PDF/A is a standard of the International Organization for Standardization – ISO – that describes the use of the Portable Document Format (PDF) for long-term archiving (A) of electronically stored documents. PDF is an established, platform-independent file format. PDF/A is a reduction of the PDF standard. All functionalities that are not useful for PDF archiving have been deleted. In addition, the standard requires reading applications to follow certain display guidelines.

The Advantages of PDF/A – Electronic archiving of documents

In order to be able to read and work with a document for years, it is important to archive the PDF files. PDF archiving with PDF/A and PDFreactor is the optimal solution and has many advantages. The aim of the PDF/A standard is to create PDF documents whose visual appearance remains intact over time. Compared to a PDF document, a PDF/A requires less storage space, for example. But what is the difference between PDF/A und PDF/X?

Comparison of PDF and PDF archiving

PDF/A is a special form of PDF. The PDF file format is now used worldwide for exchange and storage of electronic documents. PDF/A ensures that the PDF document can still be read without problems decades later. The PDF format does not guarantee long-term legibility or complete independence from software. So to digitally preserve a PDF you have to save the document as PDF/A. PDF/A files are self-describing and all information necessary to read the document are embedded.

Archiving electronic documents with PDF/A or PDF/X?

PDF/X is another sub-form of the Portable Document Format (PDF). Although the ISO standards PDF/A (ISO 19005) and PDF/X (ISO 15930) were developed for different purposes, they have some things in common. Basically, PDF/X describes the requirements for a print template in order to enable the faithful transmission of data from prepress to actual printing. PDF/X is not intended for long-term PDF archiving. With a PDF document, it is possible that certain links and fonts may no longer be available in the future when the file is opened. Therefore, PDF/A requires that all information, especially fonts, is embedded in the file itself. PDF/X, on the other hand requires that printing conditions or output intent is specified in the file. PDFreactor also supports the creation of PDF/X conformant files.

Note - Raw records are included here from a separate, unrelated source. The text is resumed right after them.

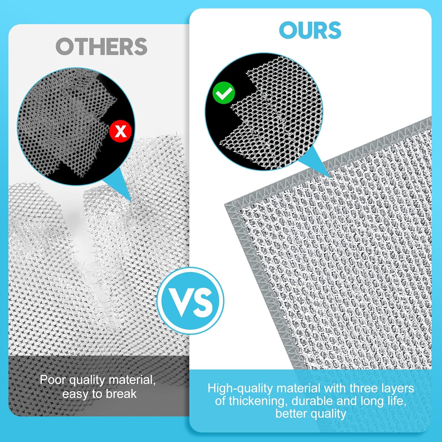 10 Pcs New Upgraded 3 Layers Non Scratch Wire Dishcloth, Multipurpose Wire Dishwashing Rags, Wet & Dry for Cookware, Sinks, Dishes, Stoves & Fireplaces 7.87“ x 7.87”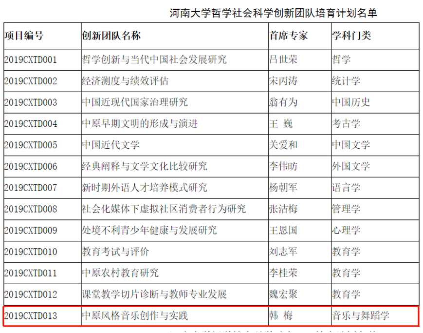 韩梅教授领衔的“中原风格音乐创作与实践”课题组获批“河南大学哲学社会科学创新团队”。陈文革教授主持的“二十世纪以来中原戏曲的嬗变与发展研究”,陈宗花教授主持的“中国共产党音乐传统继承与新时代音乐的创新”获批“河南大学哲学社会科学重大项目培育计划”。这是K7娱乐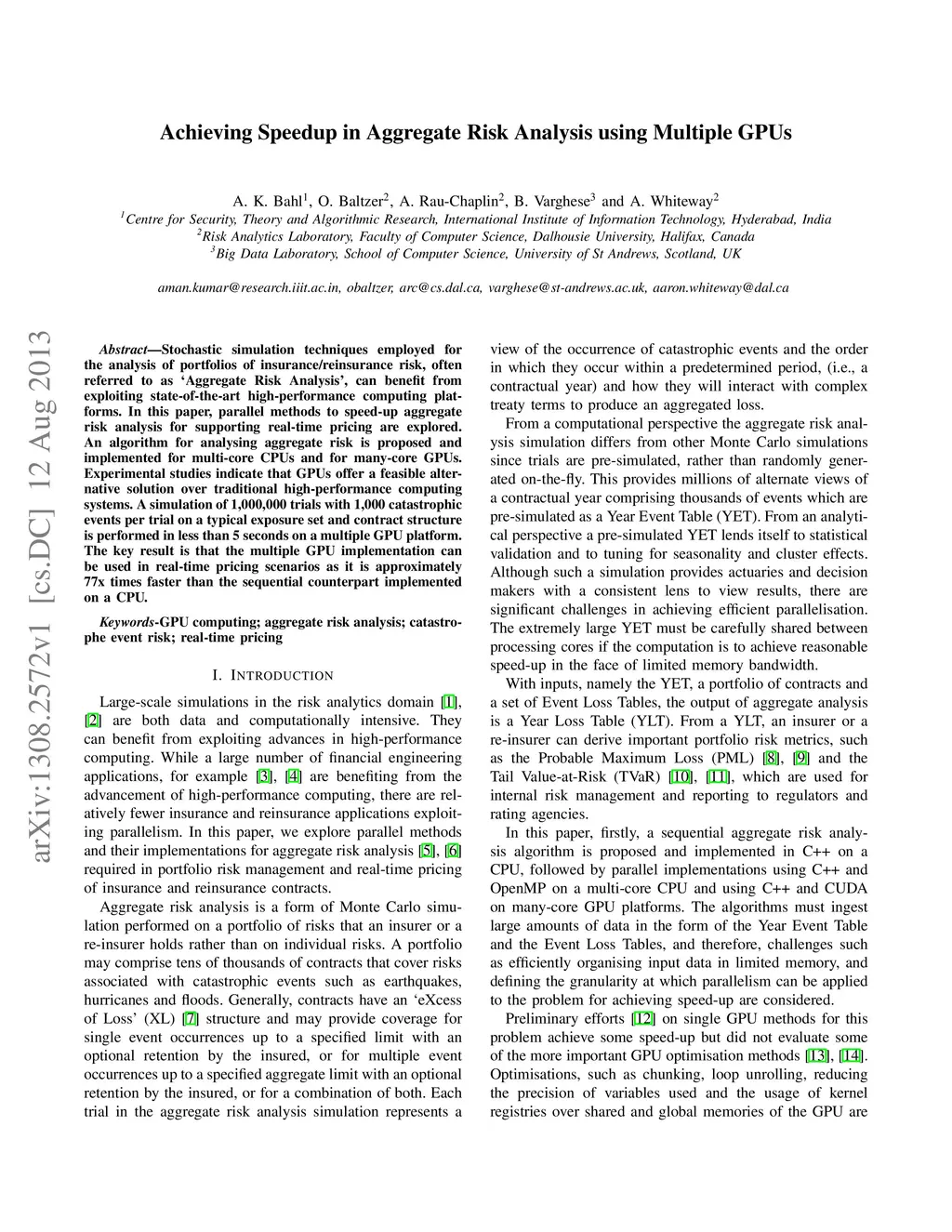 Achieving Speedup in Aggregate Risk Analysis using Multiple GPUs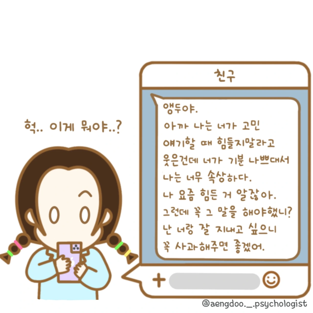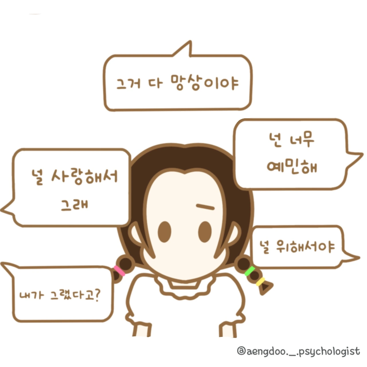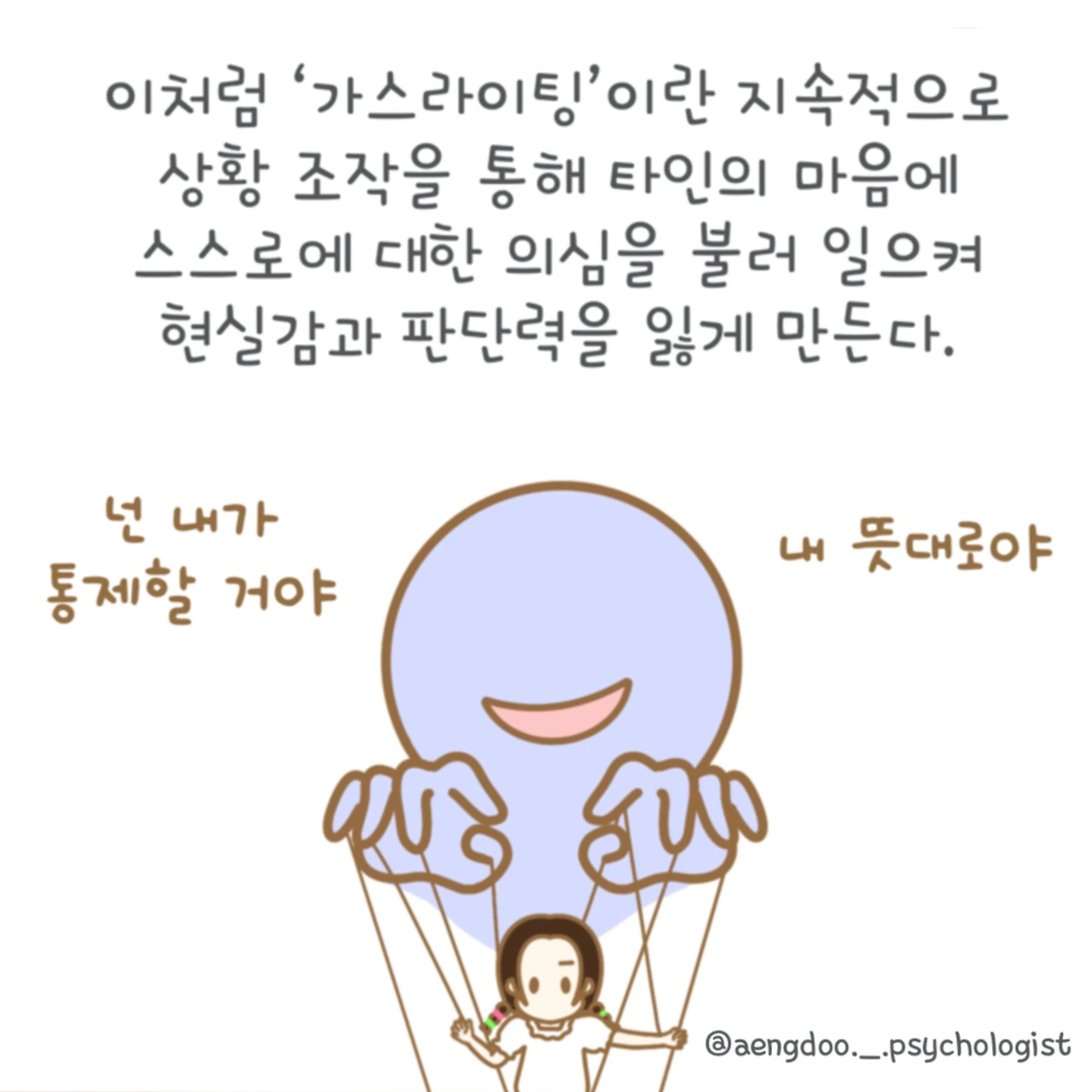 여러분도 혹시나 내 생각이 의심되고 관계에서 찝찝함을 경험하고 계시다면 혹시 내가 가스 라이팅을 당하고 있는지 한 번쯤 생각해보세요 :)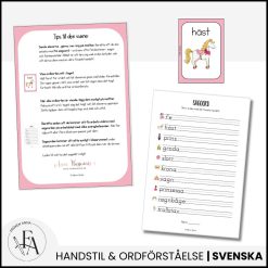 - Fyra arbetsblad med orden i versaler, gemener, endast bildstöd eller endast skrivlinjer.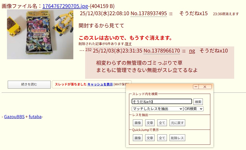 | … | 7025/12/04(木)00:51:39No.1378986975+ゴミ |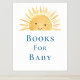 This Books for Baby Baby Shower Sign features a yellow watercolor smiling sun and blue typography. Original Watercolor © Michele Davies.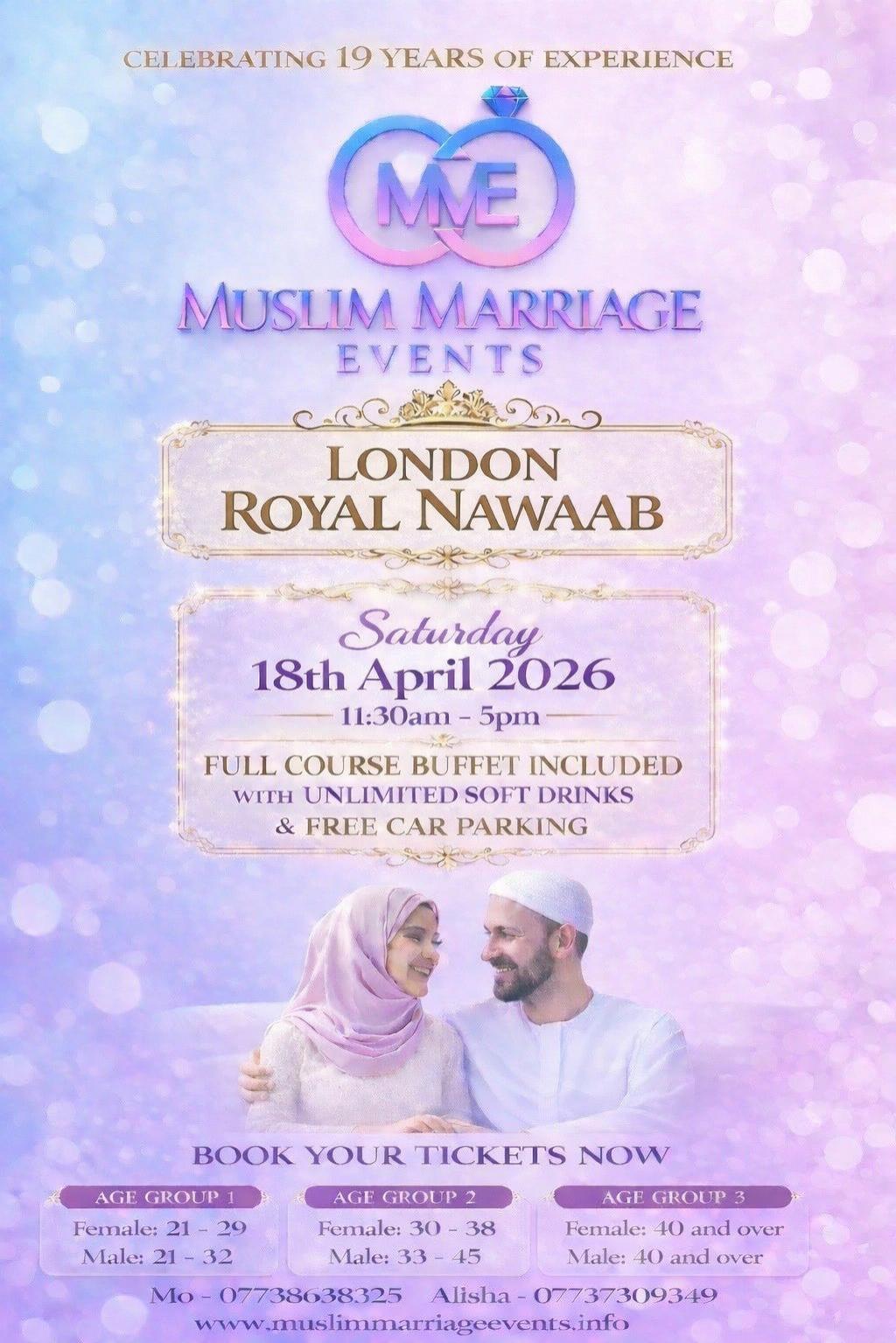 For more info please call Alisha on 07737309349 or Mo on 07738638325 or visit https://muslimmarriageevents.info/event/london/

PDF archiving – Standards for the electronic archiving of documents

Over time, the format has been further developed in various standards to improve usability in practice. Today, PDF/A-1, PDF/A-2 and PDF/A-3 are three versions of the original ISO standard. All define with varying degrees of restriction which components of a PDF are absolutely necessary or even prohibited for long-term PDF archiving. The goal of these standards is to ensure the reproduction of the visual appearance as well as the inclusion of the document’s structure. PDFreactor supports all of the following PDF/A conformance levels for archiving PDF files.

PDF/A-1

PDF/A-1 stands for clear visual long-term reproducibility. For PDF archiving a distinction is made between PDF/A-1a (Level A) and PDF/A-1b (Level B). With PDF/A-1b (B = Basic), all inserted images must be firmly embedded in the document so that it functions completely independently. In addition, the text modules must have Unicode representation in order to be reproducible forever. Level A (Accessible) offers clear visual reproducibility, including the ability to map text to Unicode and structure the content of the document in terms of accessibility. 1a provides full compliance with ISO standard and 1b meets all minimum requirements. So PDF/A-1a should be used if the document structure is also intended for display on mobile devices and if the accessibility requirements must be 100% fulfilled for digital preservation of PDF files.

PDF/A-2

In contrast to PDF/A-1, PDF/A-2 allows you to merge multiple files into one container PDF. Just like PDF/A-1, the PDF/A-2 format offers clear, visual reproducibility and meets the requirements of accessibility. In addition, it offers the possibility to process JPEG 2000 and very large page formats. Another important feature of PDF/A-2 is that multiple layers are allowed and OpenType fonts can be embedded. Just as with PDF/A-1, there are different levels in place. The PDF/A levels 2a, 2b and 2u are intended as additions to PDF/A-1 (i.e. PDF a-1a and PDF a-1b). PDF/A-2a enables long-term digital preservation of the semantics and structure of the document to be stored. With PDF/A-2b the focus is on visual reproducibility. PDF archiving of images and graphics is ideally with this standard. At Level 2u, the text is displayed in Unicode, so that it can also be reproduced in other countries thanks to international coding.

PDF/A-3

The current standard format for the archiving of documents is PDF/A-3. Depending on the application, PDF/A-1 and PDF/A-2 formats are still completely sufficient. Different file formats can now be embedded. It is possible to add original data (XML, CAD) without further ado. In addition to the features already possible in the previous format, PDF/A-3 can also be used to provide the file with source formats. PDF/A 3 standard allows you to save attachments such as the original file when archiving PDF files. This can be especially useful for e-mail archiving, because you can convert e-mails together with their attachments to PDF/A to convert everything into a long-term archive.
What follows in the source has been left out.